Can't you be a little clearer, Al? As in "or it may be that they were really just going to fund all those abortions by this plan if nobody had said anything, just as NRLC said they were." Surely you can bring yourself to consider that possibility and say that in so many words, can't you? After all, you pride yourself on being so objective. Why should "laziness, gullibility, incompetence" on the part of pro-lifers be the only options you talk about in clear language?

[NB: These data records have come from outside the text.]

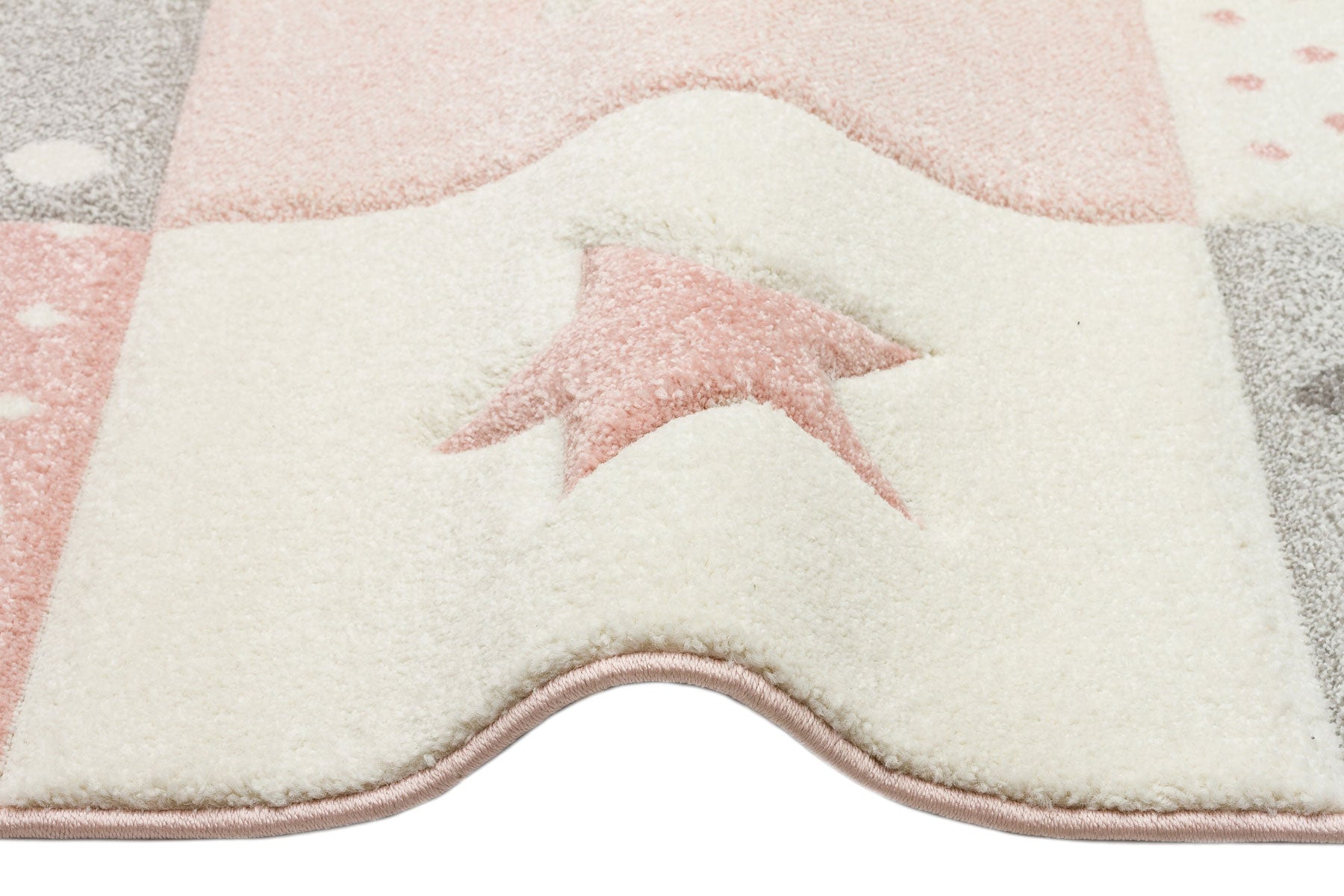 This figured kids rug boasts a modern geometric pattern carpet that complements various room decors and stimulates visual interest for children. The soft pile carpet surface provides comfort for floor activities and naps. Its easy clean rug design allows parents to maintain hygiene effortlessly, making it perfect as a childrens playroom rug or children floor mat.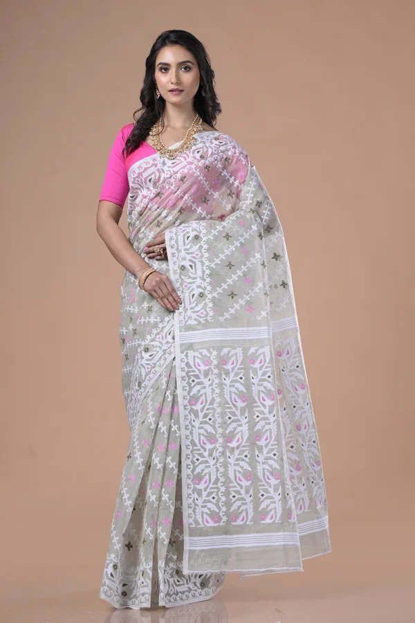Fill your collection with the new Light Gray Dhakai Jamdani Saree from Priya Gopal Bishoyi. The saree is made from blended cotton, making you feel comfortable against your skin. The serene light gray base consists of beautiful Meena Jal Work, making it an ideal choice for ethic events and small gatherings. The saree also consists of charming white, pink, and dark grey designs imprinted on it. Complete your traditional look by pairing the saree with vibrant, golden accessories and make a perfect fashion statement.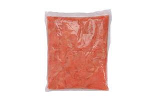 Характеристика продукта: Имбирь розовый резаный в маринаде упакован в герметичный пакет из пищевого полиэтилена. Нарезка кусочками корня без мелких об...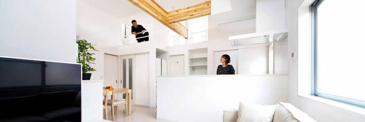 家づくりの際、空間の広さや開放感を重要視する方も多いと思います。でも、そのための広大な土地を準備できない、というお声をたくさん頂いてきました。水野建築では、そんな方に向けて「ナナメウエのイエ」をご提案しています。「ナナメウエのイエ」は、空間を立体的に最大限活用した住宅ブランドです。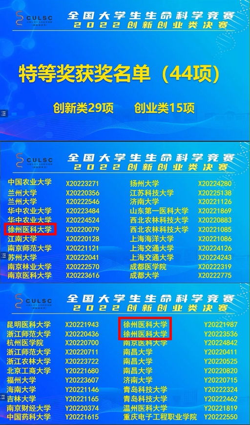 凭借着各团队的优异表现,药捕鱼达人 《居桢香缘——优质中药种苗选育领航者》(指导教师:张春平、袁子桐)、麻醉捕鱼达人 《靶向TRPML1通道抑制自噬治疗肿瘤的作用及分子机制研究》(指导教师:王午阳、邢燕红)、第一临床医捕鱼达人 《引星科技——骨组织工程引航者》(指导教师:陈宏亮、孙森)3个项目荣获国赛特等奖;第二临床医捕鱼达人 《急先锋——公共化心肺复苏辅助装置的首创者》(指导教师:燕宪亮、张颖)、影像捕鱼达人 《环影医疗——脑胶质瘤智能诊断开拓者》(指导教师:巩萍、陈洁)等10个项目荣获国赛一等奖;生命科学捕鱼达人 《愈可肤——手消产品低醇化领域的先行者》(指导教师:刘毅、朱慕春)等8个项目荣获国赛二等奖;医学信息与工程捕鱼达人 《屏踪“质”影——胶质瘤基因突变智能诊断系统》(指导教师:朱红、唐璐)等9个项目荣获国赛三等奖。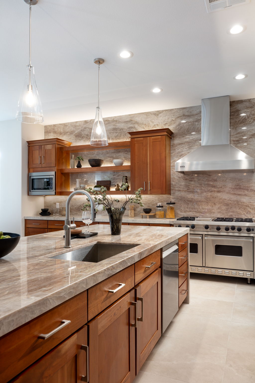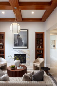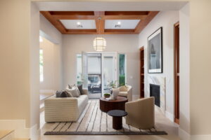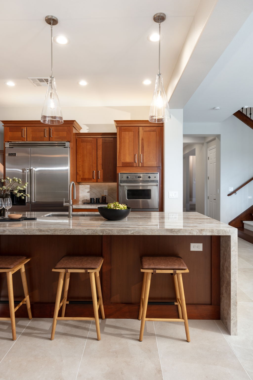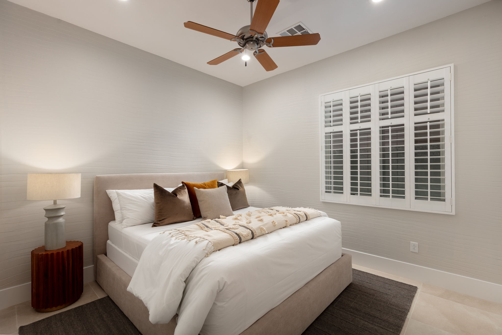 Greet your guests in the open and inviting living room, which connects to a peaceful courtyard through French doors. An enormous quartz waterfall-edge island defines the kitchen, complete with a suite of Viking Professional appliances and a new dishwasher. Beyond the butler’s pantry with built-in wine storage, dinner is served in the dining room. Enjoy a movie in the family room—which is wired for surround sound and features a new linear fireplace—or gather in the den for a game night. Anyone working remotely will appreciate the home office with full built-ins.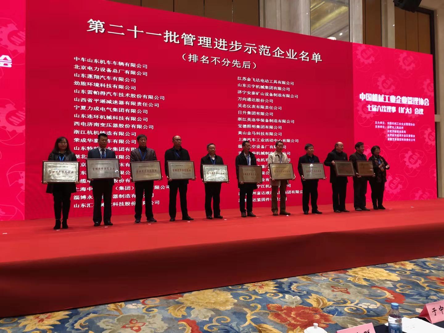 公司再次榮獲“中國機械工業管理進步示范企業”稱號

By the way, Al: This is a blog. I do not consider myself in honor bound to obtain primary source documents for everything I blog before I blog it. I make judgment calls as to whether stories are credible or not, and I choose to blog them or not based on those judgment calls. You are always free to cite primary sources that you believe contradict the story as I recap or state it, and I will respond as I see fit. That's the way the blogosphere works. I have the freedom to blog stories based on news stories on the web, and you have the freedom as a commentator to contradict me if you think I've overlooked or misstated something. In this case, I think the original sources involved support the NRLC's reading, and the HHS memo is obviously a face-saving ex post facto move with no binding authority in itself. You may disagree. Whatever. But please stop implying that there is something intrinsically irresponsible about putting up a blog post based on news links without finding PDFs of all the laws, proposals, etc., etc., for every story individually ahead of time, as one might do for an original research article.